Book Review: The Death Of Money

by: David Merkel, CFA

This is a hard book to review. I have respect for the author, and most of his opinions. But extraordinary claims require extraordinary proof. There is evidence here, but not extraordinary proof. I agree that we are in a bad spot, and that there is reason to be cautious. To claim that the current international monetary system will disappear by 2020 or so requires more than the book delivers.

Let me begin by saying the book is worth buying. It will make you think. Thinking is a valuable exercise in which few engage. Most of us imitate, which is far easier to do than thinking, and usually saves time on common issues.

The author focuses on the weaknesses of U.S. economic policy, but is less critical of bad economic policies being pursued around the world, with the poster children being Japan, China, and the EU. The U.S. has its problems, but also its unique strengths. Though I am a critic of U.S. economic policy, we are better off than most other large nations.
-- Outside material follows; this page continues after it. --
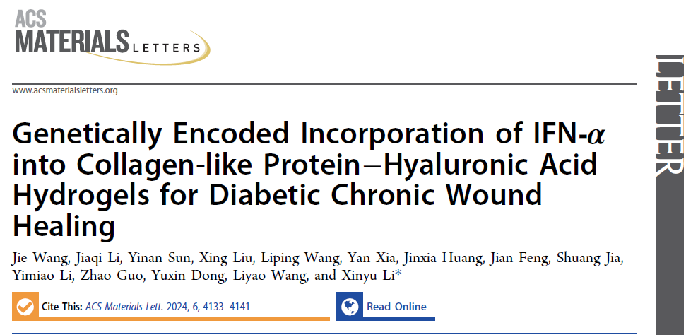 近日,DB中国旗舰官方网站李昕宇课题组在《ACS Materials Letters》(中科院一区,IF9.6)发表题为 “Genetically Encoded Incorporation of IFN-α into Collagen-like Protein–Hyaluronic Acid Hydrogels for Diabetic Chronic Wound Healing” 的研究论文,该论文以封面论文形式发表。原文链接:https://pubs.acs.org/10.1021/acsmaterialslett.4c01170干扰素α在难愈性创伤修复中通过多重机制发挥作用,包括增强免疫防御、抑制感染、调控...

One criticism of the book is that it is not focused. Make your case, and don't go down many "rabbit trails." That said, the rabbit trails are interesting, and you will learn a lot from them, though they don't support the central thesis of the book. I think the book needed a better editor, because a tighter book would have made the case better.

Here's the main difficulty: Okay, so the U.S. Dollar is not a great store of value. Imagine another nation who wants a better store of value, who lets their currency rise, and their politically powerful exporters scream. Who will likely win? The exporters. At least, that has been the way it has worked for the last 30 years.

In order for a gold-backed currency to be introduced, there will be sacrifices, and under most conditions, it will produce some deflation. It is not at all certain that the nation((s)) that might do this will take the short-term punishment. Our world is geared toward short-termism, and it harms us all.


The book is far too kind to the IMF, an incompetent institution, and far too kind to China, which faces a collapse in its financial system far more quickly than the U.S. will see.

The book is also too kind to the EU, which continues the experiment of monetary union without political union, which has never worked before on a large scale.

Who would benefit from this book: Anyone could benefit from this great book.

Full disclosure: I asked the PR people for a copy of the book, and they sent it.